My trained ear winces (if an ear can wince) at were, but I do believe it is correct. Of course, One would go with was, and it does later in the sentence.

I guess the real question is this: what is the prepositional phrase in that sentence? Is it “of the desserts” or is it “of the desserts that were prepared this week”?

You could say, after all: One that was prepared this week was pink fluffy. But, in this case, what was prepared?

The adjectival phrase “that were prepared this week” modifies desserts — that is, which desserts are we talking about here — and so it is part of the prepositional phrase.

If you remove the entire prepositional phrase, you are left with: One was pink fluffy.

I suppose the other way to look at it is to put the prepositional phrase first, as in:

Of the desserts that were prepared this week, one was pink fluffy.

Of course, you already know all this. I think I’m just trying to convince myself that it is really right.

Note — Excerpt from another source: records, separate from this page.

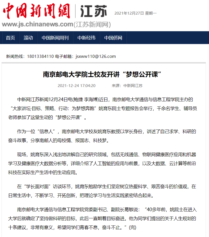 【中國新聞網】南京郵電大學院士校友開講“夢想公開課”
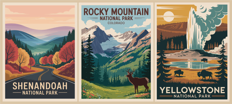 Collection Vintage National Park Posters National Park Art Prints, Nature Wall Art, and Mountain Print Travel Wall Art Living Room Bedroom Bathroom Decor.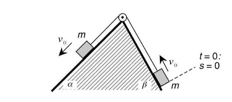 Say the left mass is m1 and the right mass m2 and say ##v_0## is positive.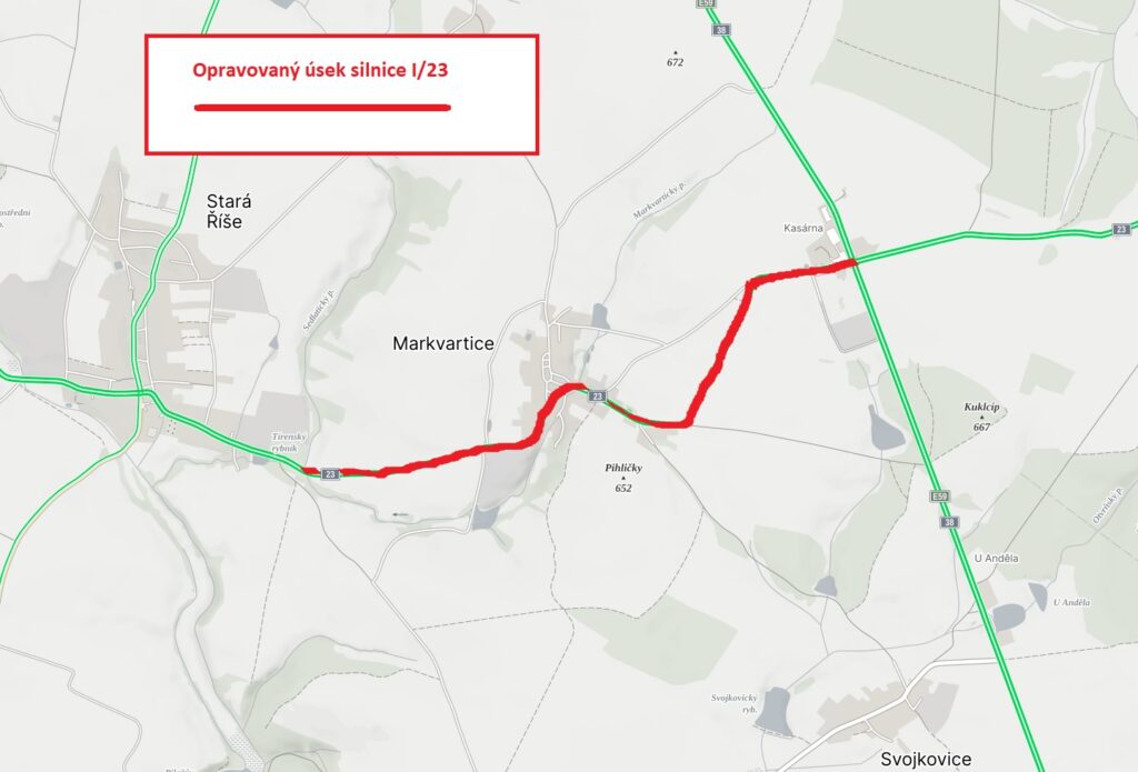 Práce budou rozděleny na dvě etapy. Nejprve přijde na řadu úsek Stará Říše – Markvartice a pak Markvartice – Kasárna. V těchto dnech se s místními samosprávami, dotčenými subjekty a Policií ČR projednávají objízdné trasy, protože opravované úseky budou po dobu oprav zcela uzavřeny. Předpokládané zahájení prací na silnici I/23 mezi městysem Stará Říše a osadou Kasárna je v druhé půlce července s tím, že hotovo by mělo být za 21 týdnů.

My head says it’s right even though my ears don’t like it.

Anyway, enjoy your turkey and all the trimmings this week if you are so inclined (or even if not inclined but sitting upright), and enjoy the pink fluffy!

Pink Fluffy Recipe
—————–
One pint of whipping cream, beaten until stiff
One can of sweetened condensed milk
One can cherry pie filling
One can crushed pineapple, drained
One pint of cottage cheese
One bag of small marshmallows
One teaspoon of almost extract (optional)

Fold all the ingredients in one bowl and mix gently until consistently thick.

Nov 082010

“I accidentally sat on the lady sitting next to us at the concert’s hat,” my daughter exclaimed.

I thought about that for a moment. Okay, to be honest, I’ve been thinking about it for a few days. The English brain (and here I mean English-speaking brain, not the brains of those who inhabit England) is used to parsing sentences left to right, and therefore we are greatly relieved when we reach the noun that an adjectival phrase modifies. When we finally reach “hat,” we are happy to learn that my daughter didn’t sit on the lady sitting next to us at the concert, but she sat (instead) on her hat.

I know what you’re thinking. You’re thinking that this is exactly the same as almost ending a piece of music on a chord that isn’t resolved, but at the last second it gets resolved and the audience breathes a sigh of relief; or (because I’m hungry at the moment) perhaps it’s like making a peanut butter sandwich but forgetting the grape jelly. There you are with a slab of peanut butter stuck to the roof of your mouth and no jelly to help it slide down, and finally someone shows up with that much needed glass of milk. You are relieved.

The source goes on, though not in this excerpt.